The Art Project:  Sea Landscape

 

This art project is based on Winslow Homer’s “Bermuda Sloop”. We will do our own watercolor Sea landscape. The most important characteristic of watercolor is that it is transparent. The colors become lighter as more water is mixed with them. Artists can choose to use soft blurry washes by wetting the paper first or they can apply crisp color to dry paper. We will do just like Winslow, using three different watercolor effects in one painting: a wash (paper wet before applying watercolors that are diluted with water), regular watercolor painting (paper dry and watercolors with water) and a dry effect (paper dry and hardly any water with the watercolors).
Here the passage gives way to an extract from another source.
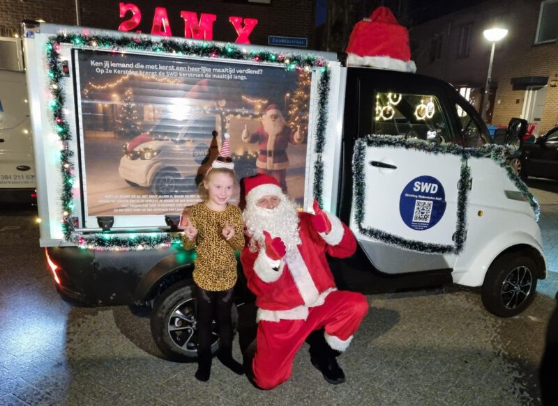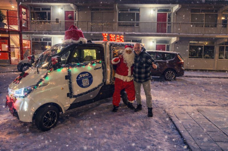 Dit jaar was extra bijzonder, want voor het eerst gingen onze kerstman en de feestelijk versierde SWD-kerstkar op pad. ๐ ๐ป Vanessa en de kerstman reden samen in het vrolijk versierde SWD-kerstkarretje langs alle adressen die zich hadden opgegeven.

MATERIAL NEEDED: Heavy paper, watercolors, cup for water, brushes (one big and one small for details), masking tape, paper towels, newspaper and drawings or pictures of boats for reference. To see some sketches of boats
click here.

Step 1
Do a pencil sketch on a separate piece of paper, so you know what type of boat you want and where you want to place your boat. Make sure it’s a big enough boat that it takes at least a quarter of the amount of space on the paper.

Step 2
Once your sketch is done, you may want to do a very very light outline of the boat on the paper you are going to paint on. The pencil lines should be so light that you can hardly see them. Here is a trick: You can place the sketch of your boat on the paper where you want it to go and go over the main line with pen, the paper under it will have an indentation of those line that you can barely see but that you can use as a guide. In this example I have used pen so you can see the lines for the art lesson purpose.

Step 3
Tape masking tape all around the edges of the paper you are going to be painting on, as to create a frame out of masking tape. Make sure tape is put down correctly so when you apply the watercolors, the paint won’t bleed under the tape. When you are done painting this masking tape will be removed and you will be left with a white edge, framing your painting.

Step 4
You can take masking tape and cover the area of the boat, just the outline of it, so you can paint without worrying about going over the boat space, or the whole boat, just make sure the tape is put on correctly so the paint won’t go under the edges. (You may even use a paper cut out of a boat and tape it around the outline to the paper you are painting on if the space is too big for masking tape).

Step 5
We will start with the sky by doing a wash technique. Chose the colors you will use for your sky, like blue, purple or other colors like orange and red if doing a sunset. Mix them with a lot of water so they are transparent almost. Then wet the area where you wish your sky to go by using your big brush with plain water and covering the entire sky area. Then take the diluted watercolors and apply them in different areas but do leave some areas white for clouds. Make sure you rinse your brush completely before switching to different colors.

Step 6
Wait a few minutes until your sky is dry. Then you can do the sea using a regular watercolor technique. Do not wet the paper, just add a bit of water to your watercolors and start to paint the sea, leaving some areas white for reflections or the white foam waves make. Choose colors that are similar to your sky and they will appear a bit brighter now that you do not have the paper wet. You may have a calm sea or a stormy sea with big waves.

Step 7
Again, wait until the sea is dry and then remove the masking tape around the boat area. We will use a dry brush technique. That means your paper is dry and hardly any water on the watercolors. You may want to practice on a paper first. If watercolors are runny on the paper, you have too much water…you should be able to apply the watercolors and lift the paper without the colors running. 

Step 8

Choose the colors you will use for the sail and the boat and start by using the lightest colors first with the small brush and then working your way to the darkest. You will need to load your brush with watercolors more often when it’s the dry brush technique.


Step 9
Once you are finished adding all the final details to your painting and it’s completely dry, you can remove the masking tape around the edges very carefully as to not tear the paper. Sometimes people like to add a few outlines with pen to make certain parts stand out. But his Homer’s artwork was not very detailed, in this case we will not use pen outlines. Voila! It’s ready to frame.